» Task details
The answer must reproduce all of the data below exactly and contain no images.

» Supplied material
•••

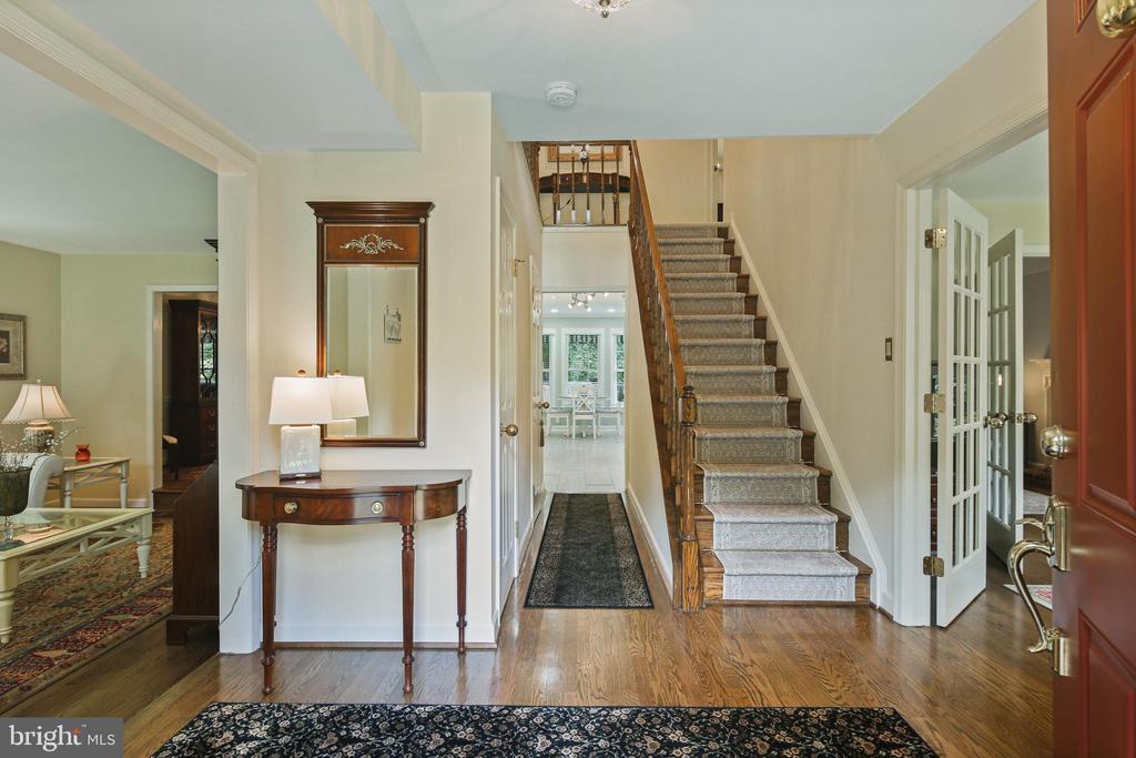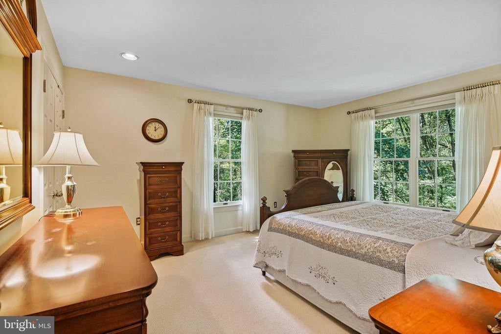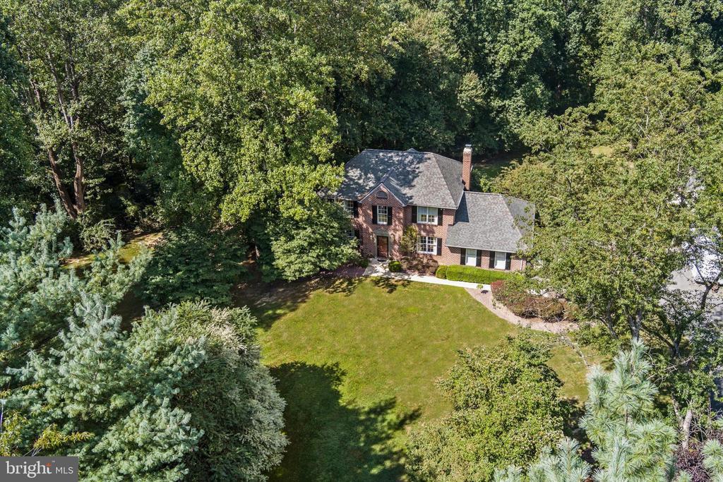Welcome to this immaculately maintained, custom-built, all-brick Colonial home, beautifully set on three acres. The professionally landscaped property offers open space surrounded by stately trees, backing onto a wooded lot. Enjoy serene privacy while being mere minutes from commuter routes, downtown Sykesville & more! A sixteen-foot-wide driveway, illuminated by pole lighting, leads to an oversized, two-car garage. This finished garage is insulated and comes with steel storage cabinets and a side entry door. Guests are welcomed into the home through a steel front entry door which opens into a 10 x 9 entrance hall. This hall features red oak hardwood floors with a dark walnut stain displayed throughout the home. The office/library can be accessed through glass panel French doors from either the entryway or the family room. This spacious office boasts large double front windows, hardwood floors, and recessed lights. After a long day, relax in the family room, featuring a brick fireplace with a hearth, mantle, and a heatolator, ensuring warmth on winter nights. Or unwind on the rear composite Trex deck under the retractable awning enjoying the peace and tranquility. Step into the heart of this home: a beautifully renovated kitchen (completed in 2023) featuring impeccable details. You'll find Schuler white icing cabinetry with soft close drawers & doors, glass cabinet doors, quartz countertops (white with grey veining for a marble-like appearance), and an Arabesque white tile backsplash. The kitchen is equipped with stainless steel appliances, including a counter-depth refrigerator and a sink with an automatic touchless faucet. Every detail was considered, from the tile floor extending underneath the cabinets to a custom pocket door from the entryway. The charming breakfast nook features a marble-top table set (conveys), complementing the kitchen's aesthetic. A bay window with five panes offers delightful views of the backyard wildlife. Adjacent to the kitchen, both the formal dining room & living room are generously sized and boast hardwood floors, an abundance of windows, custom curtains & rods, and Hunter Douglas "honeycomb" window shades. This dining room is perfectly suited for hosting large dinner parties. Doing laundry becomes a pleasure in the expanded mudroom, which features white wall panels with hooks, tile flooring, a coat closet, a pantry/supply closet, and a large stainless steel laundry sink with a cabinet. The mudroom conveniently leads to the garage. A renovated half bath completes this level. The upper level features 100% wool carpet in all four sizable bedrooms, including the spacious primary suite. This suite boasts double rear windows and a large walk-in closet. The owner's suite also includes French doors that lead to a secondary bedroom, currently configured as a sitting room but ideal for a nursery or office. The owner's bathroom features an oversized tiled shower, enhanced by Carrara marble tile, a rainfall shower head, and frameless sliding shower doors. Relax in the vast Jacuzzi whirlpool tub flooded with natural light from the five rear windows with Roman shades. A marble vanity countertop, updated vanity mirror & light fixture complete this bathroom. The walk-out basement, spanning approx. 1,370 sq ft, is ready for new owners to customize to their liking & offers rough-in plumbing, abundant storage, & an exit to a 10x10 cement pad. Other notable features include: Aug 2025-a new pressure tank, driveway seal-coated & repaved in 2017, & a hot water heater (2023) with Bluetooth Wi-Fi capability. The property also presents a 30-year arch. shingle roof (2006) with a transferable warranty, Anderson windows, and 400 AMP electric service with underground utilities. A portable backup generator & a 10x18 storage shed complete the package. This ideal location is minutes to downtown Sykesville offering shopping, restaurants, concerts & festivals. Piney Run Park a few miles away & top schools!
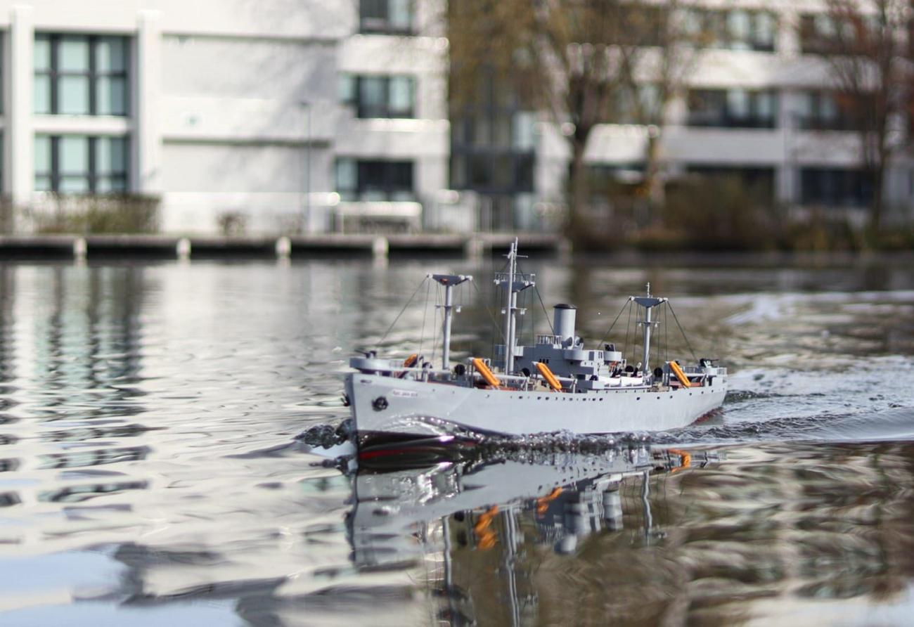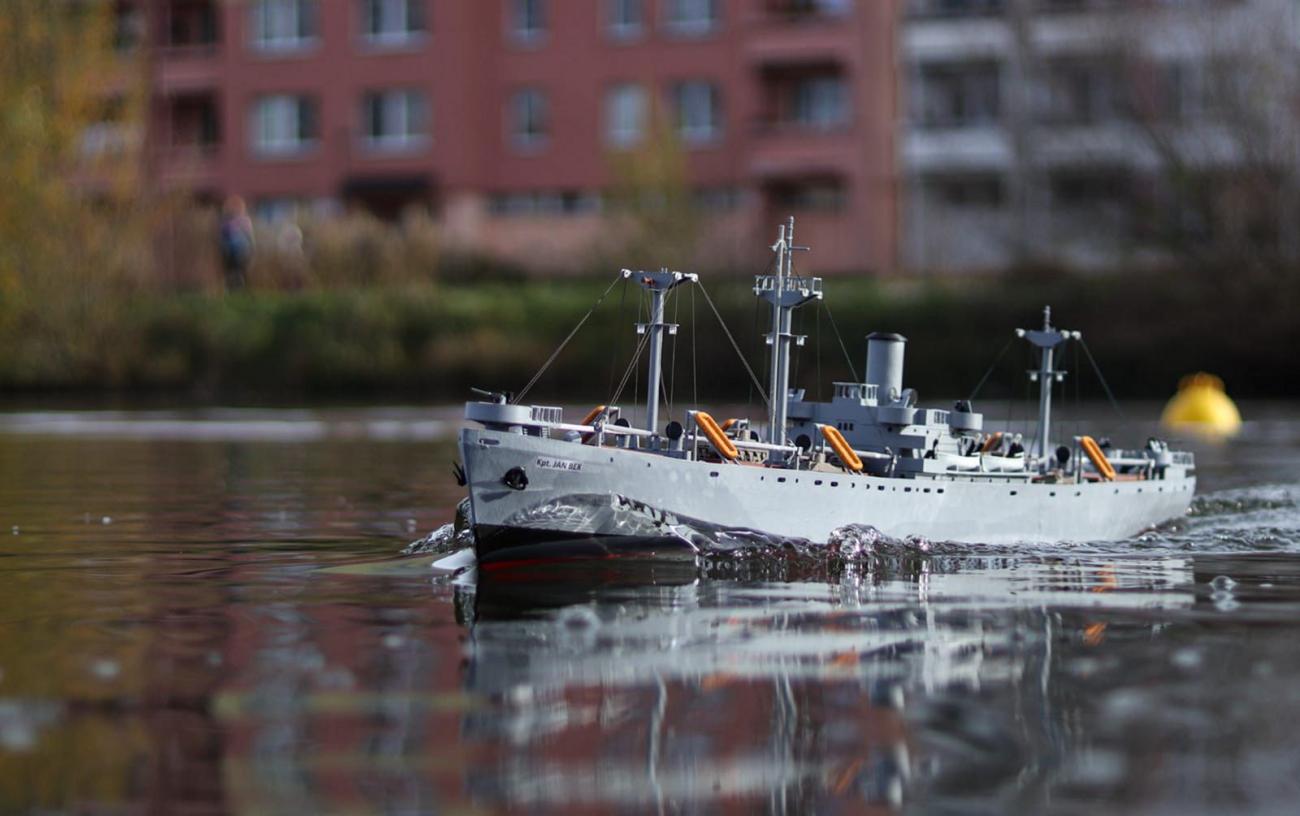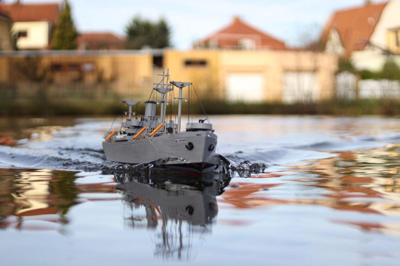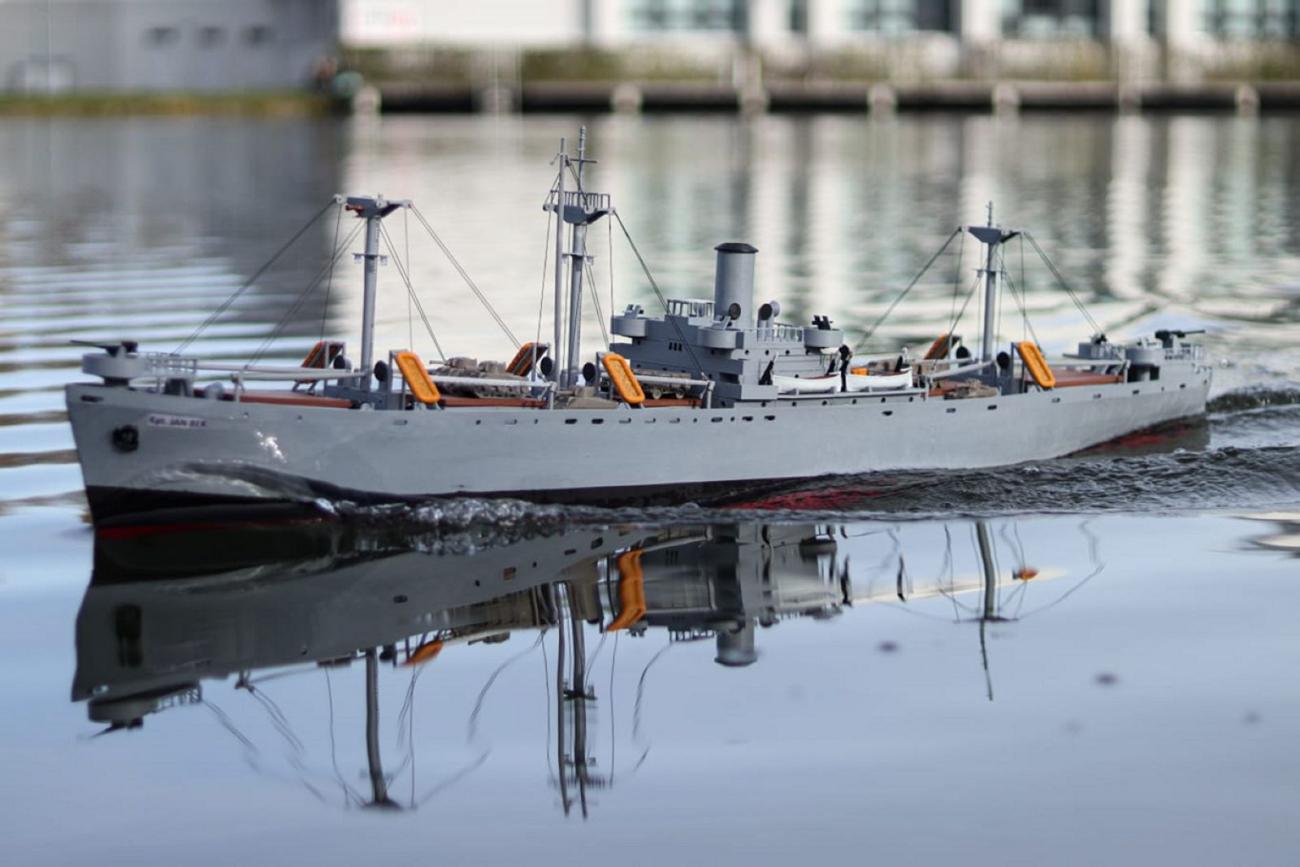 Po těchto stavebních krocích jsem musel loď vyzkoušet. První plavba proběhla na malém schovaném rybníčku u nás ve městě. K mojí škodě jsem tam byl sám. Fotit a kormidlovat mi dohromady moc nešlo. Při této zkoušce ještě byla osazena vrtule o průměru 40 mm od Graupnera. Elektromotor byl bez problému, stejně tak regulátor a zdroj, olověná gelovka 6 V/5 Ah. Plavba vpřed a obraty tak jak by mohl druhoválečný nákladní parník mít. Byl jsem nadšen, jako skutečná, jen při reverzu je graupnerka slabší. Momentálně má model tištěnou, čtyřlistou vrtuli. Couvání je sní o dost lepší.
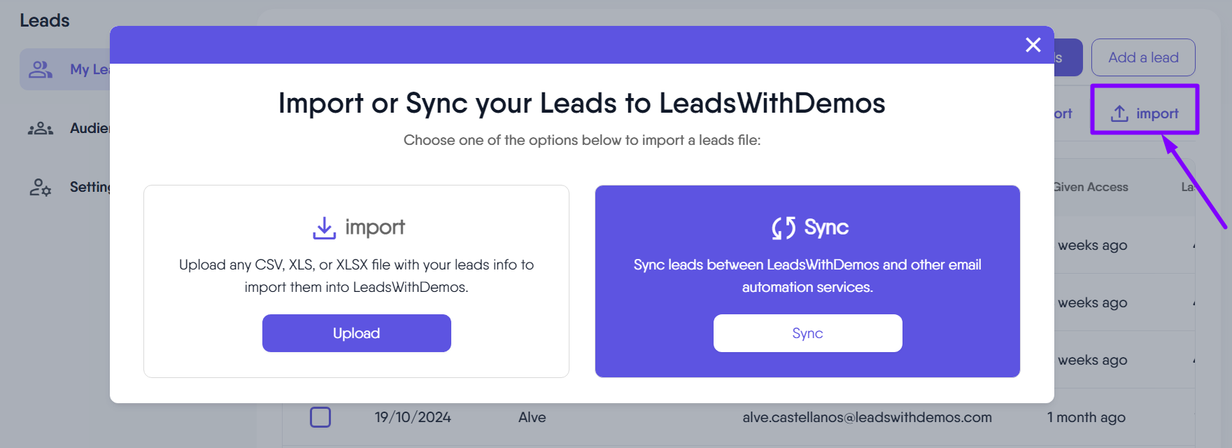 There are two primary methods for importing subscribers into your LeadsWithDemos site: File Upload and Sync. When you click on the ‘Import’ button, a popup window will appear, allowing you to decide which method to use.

•••

» Output
Welcome to this immaculately maintained, custom-built, all-brick Colonial home, beautifully set on three acres. The professionally landscaped property offers open space surrounded by stately trees, backing onto a wooded lot. Enjoy serene privacy while being mere minutes from commuter routes, downtown Sykesville & more! A sixteen-foot-wide driveway, illuminated by pole lighting, leads to an oversized, two-car garage. This finished garage is insulated and comes with steel storage cabinets and a side entry door. Guests are welcomed into the home through a steel front entry door which opens into a 10 x 9 entrance hall. This hall features red oak hardwood floors with a dark walnut stain displayed throughout the home. The office/library can be accessed through glass panel French doors from either the entryway or the family room. This spacious office boasts large double front windows, hardwood floors, and recessed lights. After a long day, relax in the family room, featuring a brick fireplace with a hearth, mantle, and a heatolator, ensuring warmth on winter nights. Or unwind on the rear composite Trex deck under the retractable awning enjoying the peace and tranquility. Step into the heart of this home: a beautifully renovated kitchen (completed in 2023) featuring impeccable details. You'll find Schuler white icing cabinetry with soft close drawers & doors, glass cabinet doors, quartz countertops (white with grey veining for a marble-like appearance), and an Arabesque white tile backsplash. The kitchen is equipped with stainless steel appliances, including a counter-depth refrigerator and a sink with an automatic touchless faucet. Every detail was considered, from the tile floor extending underneath the cabinets to a custom pocket door from the entryway. The charming breakfast nook features a marble-top table set (conveys), complementing the kitchen's aesthetic. A bay window with five panes offers delightful views of the backyard wildlife. Adjacent to the kitchen, both the formal dining room & living room are generously sized and boast hardwood floors, an abundance of windows, custom curtains & rods, and Hunter Douglas "honeycomb" window shades. This dining room is perfectly suited for hosting large dinner parties. Doing laundry becomes a pleasure in the expanded mudroom, which features white wall panels with hooks, tile flooring, a coat closet, a pantry/supply closet, and a large stainless steel laundry sink with a cabinet. The mudroom conveniently leads to the garage. A renovated half bath completes this level. The upper level features 100% wool carpet in all four sizable bedrooms, including the spacious primary suite. This suite boasts double rear windows and a large walk-in closet. The owner's suite also includes French doors that lead to a secondary bedroom, currently configured as a sitting room but ideal for a nursery or office. The owner's bathroom features an oversized tiled shower, enhanced by Carrara marble tile, a rainfall shower head, and frameless sliding shower doors. Relax in the vast Jacuzzi whirlpool tub flooded with natural light from the five rear windows with Roman shades. A marble vanity countertop, updated vanity mirror & light fixture complete this bathroom. The walk-out basement, spanning approx. 1,370 sq ft, is ready for new owners to customize to their liking & offers rough-in plumbing, abundant storage, & an exit to a 10x10 cement pad. Other notable features include: Aug 2025-a new pressure tank, driveway seal-coated & repaved in 2017, & a hot water heater (2023) with Bluetooth Wi-Fi capability. The property also presents a 30-year arch. shingle roof (2006) with a transferable warranty, Anderson windows, and 400 AMP electric service with underground utilities. A portable backup generator & a 10x18 storage shed complete the package. This ideal location is minutes to downtown Sykesville offering shopping, restaurants, concerts & festivals. Piney Run Park a few miles away & top schools!
 Po těchto stavebních krocích jsem musel loď vyzkoušet. První plavba proběhla na malém schovaném rybníčku u nás ve městě. K mojí škodě jsem tam byl sám. Fotit a kormidlovat mi dohromady moc nešlo. Při této zkoušce ještě byla osazena vrtule o průměru 40 mm od Graupnera. Elektromotor byl bez problému, stejně tak regulátor a zdroj, olověná gelovka 6 V/5 Ah. Plavba vpřed a obraty tak jak by mohl druhoválečný nákladní parník mít. Byl jsem nadšen, jako skutečná, jen při reverzu je graupnerka slabší. Momentálně má model tištěnou, čtyřlistou vrtuli. Couvání je sní o dost lepší.
 There are two primary methods for importing subscribers into your LeadsWithDemos site: File Upload and Sync. When you click on the ‘Import’ button, a popup window will appear, allowing you to decide which method to use.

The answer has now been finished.